Toponomastica femminile, non è impossibile

foto: Flickr/airSnapshooter

 Ridisegnare le città in una prospettiva di genere non è un'impresa impossibile, a partire dai nomi di strade e piazze. Lo raccontano le attività e la passione del gruppo Toponomastica femminile.

"Casa e villaggio, e in un secondo tempo la città, sono in gran parte opera femminile. […] Secondo i geroglifici 'casa' o 'città' possono essere anche essere simboli di 'madre', come per confermare la similarità fra funzione individuale e collettiva".[1]

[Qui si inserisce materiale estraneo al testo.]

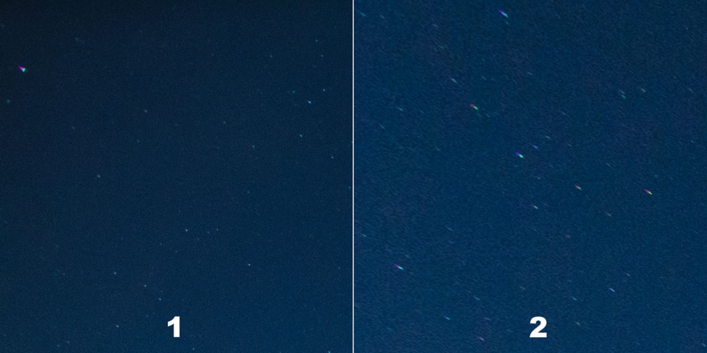 I wrapped up by testing this lens during star photography. Here the short focal length let me use longer exposure times and get a larger part of the sky into the frame. Unfortunately, the full moon got in the way of photographing the Milky Way. All the same, I was surprised by how the stars retained their relatively “round” shapes even at the edges of the picture; however, that only applied until I used distortion correction in the Editor in Zoner Studio; correction swiftly stretched them out, as you can see in the detail of the top left corner.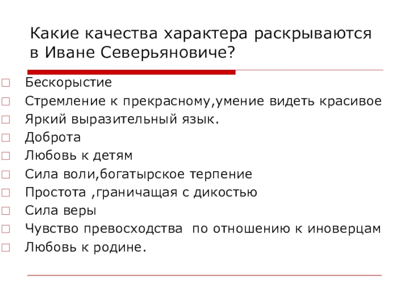 Слайд 18Какие качества характера раскрываются в Иване Северьяновиче?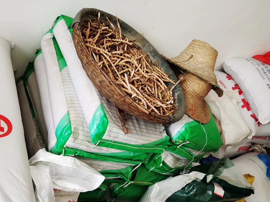 ▲墙边堆放的水稻种子、化肥和鱼虾饲料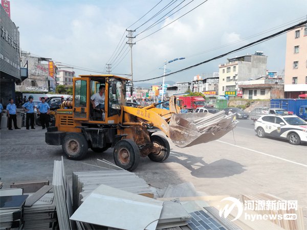 16 日早上8 點,公安、城管、公路、工商、東埔街道辦事處、源西街道辦事處等部門共計300 多名工作人員,來到了白嶺頭火車橋附近路口,準備開展整治行動。根據布置,行動人員分為兩組行動,按照創文的標準,對205 國道白嶺頭至東源路段雙向進行整治。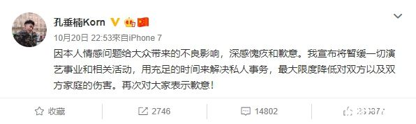 而孔垂楠在20日深夜也发文表示,因本人情感问题给大众带来的不良影响,深感愧疚和歉意。我宣布将暂缓一切演艺事业和相关活动,用充足的时间来解决私人事务,最大限度降低对双方以及双方家庭的伤害。再次对大家表示歉意!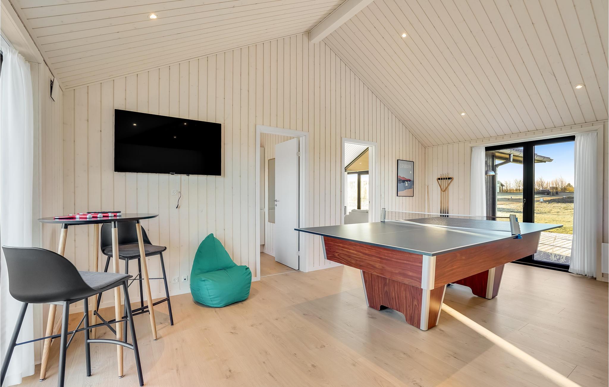 Die hellen, wohnlich möblierten Räume bilden den idealen Rahmen für eine schöne gemeinsame Zeit. Entspannen Sie nach einem erlebnisreichen Tag in gemütlichem Ambiente auf dem großzügigen Sofa, bringen Sie nach dem Essen den Kreislauf bei einer Partie Tischtennis wieder in Schwung, oder schauen Sie zusammen einen Film an. Genießen Sie nach einem langen Strandspaziergang die wohltuende Wärme in der hauseigenen Sauna.
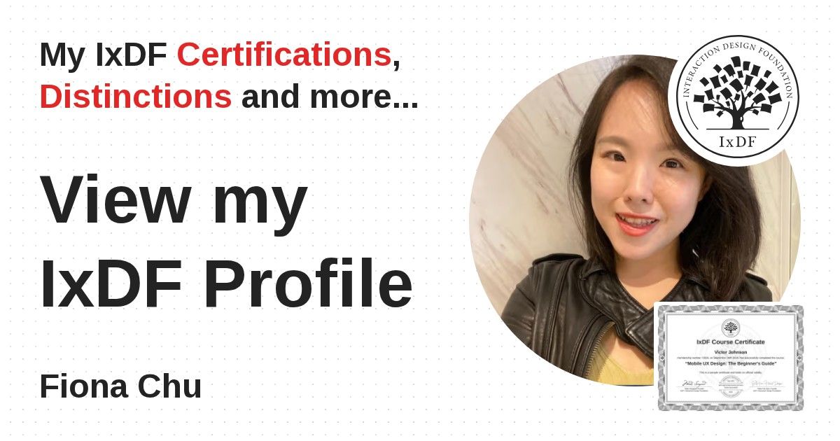 IxDF Course Certificates are awarded to Fiona Chu in formal recognition of their coursework surpassing the rigorous benchmarks of exceptional performance established by the IxDF Educational Codex.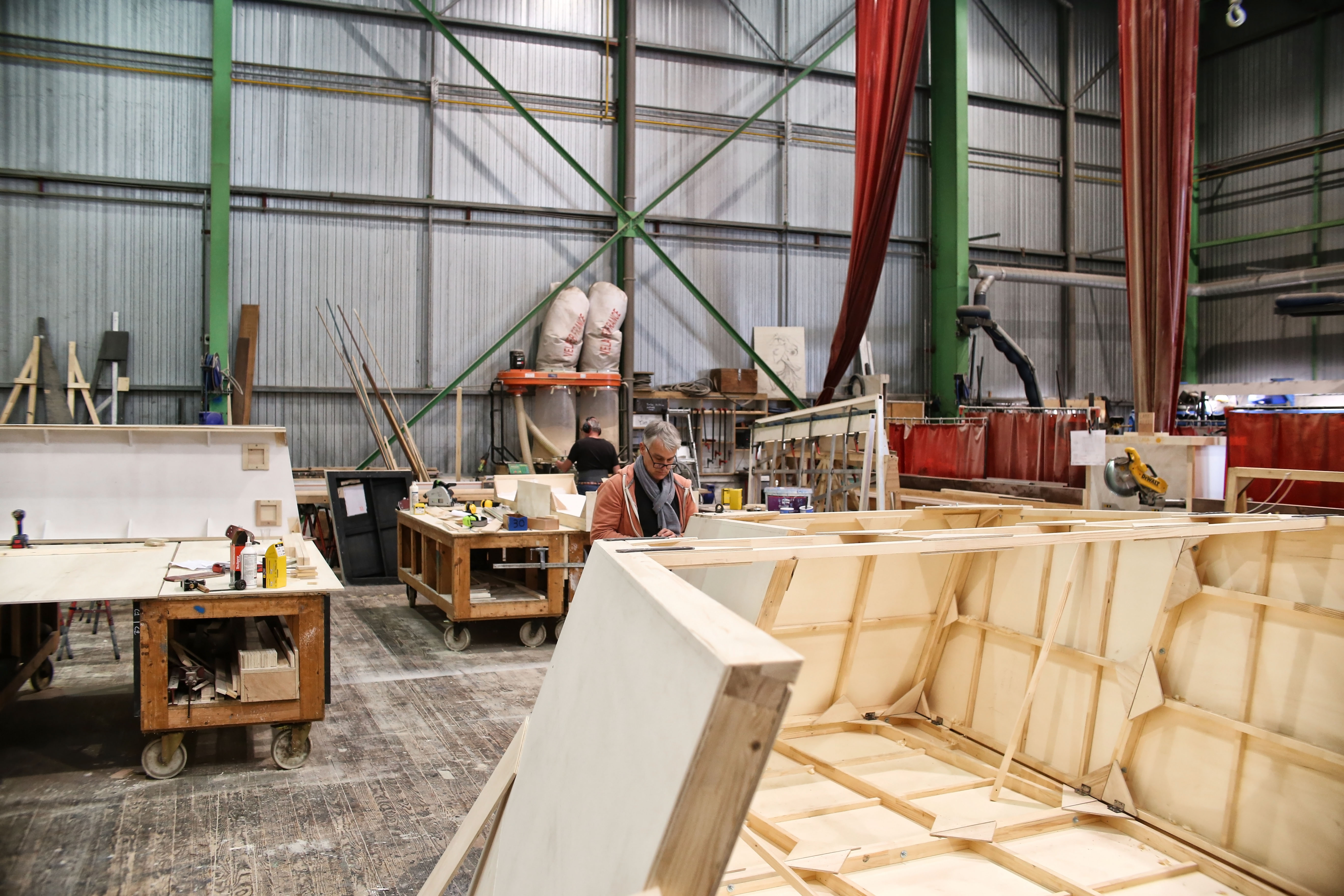 « Après un essai de deux mois, je suis entrée et je n’en suis jamais repartie », explique Alison Bigeard en déroulant les étapes de sa vie professionnelle. Britannique d’origine, elle devient professeur d’anglais en France, avant de bifurquer à Tours vers une formation de peintre. Puis elle grimpe une à une les marches de l’atelier d’Angers Nantes Opéra, de la peinture aux décors. Aujourd’hui seule permanente, elle s’entoure d’intermittents au gré des besoins des productions, selon les compétences et les disponibilités de chacun, tout en réfutant le titre de « cheffe » : « Je n’aime pas trop ce terme, je fais de la coordination, avec les uns et les autres. » Et il en faut tant sont divers les métiers nécessaires à la réalisation d’un opéra. La Britannique égrène, admirative, les spécialités de ses collègues : construction, peinture, sculpture, électricité, dessin, accessoires, tapisserie, serrurerie…

Nel tempo le donne, dedite alla cura, alle attività domestiche, all’educazione, hanno tenacemente intrecciato trame sottili, ma consistenti, di relazioni e dimensioni storiche a carattere “orizzontale” che, nei secoli, hanno determinato la sopravvivenza del tessuto umano, e quindi anche urbano, delle comunità. Presenzecontinue e resistenti, eppure rese invisibili dal prevalere del carattere “verticale” della storia, segno tangibile tipicamente maschile del potere e delle gerarchie dominanti.  

Ancora adesso lo spazio della città, il suo territorio, la sua organizzazione sono "in prevalenza campo d’azione degli uomini che hanno il potere, politico come pure professionale, essendo molto bassa la presenza femminile in entrambi gli ambiti, di decidere come debbano svilupparsi e in che direzione orientarsi nell’immediato e nel domani […]"[2].

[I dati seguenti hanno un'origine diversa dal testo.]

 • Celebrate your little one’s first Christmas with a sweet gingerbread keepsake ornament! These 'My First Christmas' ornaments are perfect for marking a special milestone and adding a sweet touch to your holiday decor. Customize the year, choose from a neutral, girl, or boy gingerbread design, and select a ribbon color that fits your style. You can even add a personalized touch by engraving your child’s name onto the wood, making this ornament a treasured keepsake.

Le donne questa organizzazione, spesso disordinata e distorta, la vivono e la subiscono allo stesso tempo, a partire dalla qualità dell’ambiente, dalla programmazione e distribuzione dei servizi, dall’accessibilità degli spazi e dei luoghi fino alla pianificazione di orari e tempi.

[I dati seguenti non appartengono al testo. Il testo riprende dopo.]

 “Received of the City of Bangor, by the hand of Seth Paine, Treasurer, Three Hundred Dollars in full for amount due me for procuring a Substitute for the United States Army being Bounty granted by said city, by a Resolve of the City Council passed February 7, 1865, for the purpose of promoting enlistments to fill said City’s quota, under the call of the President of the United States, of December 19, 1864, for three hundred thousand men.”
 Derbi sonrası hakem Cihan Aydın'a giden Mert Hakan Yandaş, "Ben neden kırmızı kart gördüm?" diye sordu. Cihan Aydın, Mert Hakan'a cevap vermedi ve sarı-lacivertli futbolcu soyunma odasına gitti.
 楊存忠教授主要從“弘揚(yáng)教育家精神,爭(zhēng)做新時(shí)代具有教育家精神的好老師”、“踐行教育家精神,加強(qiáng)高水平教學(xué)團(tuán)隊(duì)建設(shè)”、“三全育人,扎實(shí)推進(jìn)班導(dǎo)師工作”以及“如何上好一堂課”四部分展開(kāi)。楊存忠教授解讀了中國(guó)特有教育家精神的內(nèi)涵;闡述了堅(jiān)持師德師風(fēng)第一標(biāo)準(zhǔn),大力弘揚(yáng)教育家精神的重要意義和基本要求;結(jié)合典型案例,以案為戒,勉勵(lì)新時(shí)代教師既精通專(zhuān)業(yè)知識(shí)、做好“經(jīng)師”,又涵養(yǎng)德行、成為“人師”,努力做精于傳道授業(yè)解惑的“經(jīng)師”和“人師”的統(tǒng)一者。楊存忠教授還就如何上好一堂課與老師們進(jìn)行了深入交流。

Allo spazio fisico della città si sovrappone un altro spazio, simbolico e immateriale ma altrettanto significativo, quello del disequilibrio fra genere maschile e genere femminile, quello dell’odonomasticae della toponomastica. Le intitolazioni delle strade e delle piazze, ma anche di aree verdi e spazi pubblici, riflettono una cultura e una dimensione sociale e storico-culturale ancora molto misogine: lo sbilanciamento in favore dei personaggi maschili è l’espressione del potere degli uomini che hanno scritto la storia e che continuano a perpetuarla nei percorsi di vita urbana. 

Sono forme d’espressione non neutrali le targhe delle strade in cui abitiamo, lavoriamo, ci incontriamo. Parlano di celebrità e memorie maschili gli itinerari culturali dei nostri viaggi, i musei, i monumenti e le opere che si affiancano lungo le vie e le piazze delle città d’arte. Delle storie femminili rimangono poche tracce e poche testimonianze, oscurate da eventi quasi tutti raccontati al maschile. Al contrario le numerose immagini pubblicitarie che ci circondano proseguono nel voler riproporre quasi esclusivamente volti e corpi di donne, rinnovando in ogni istante distorte percezioni del mondo femminile. 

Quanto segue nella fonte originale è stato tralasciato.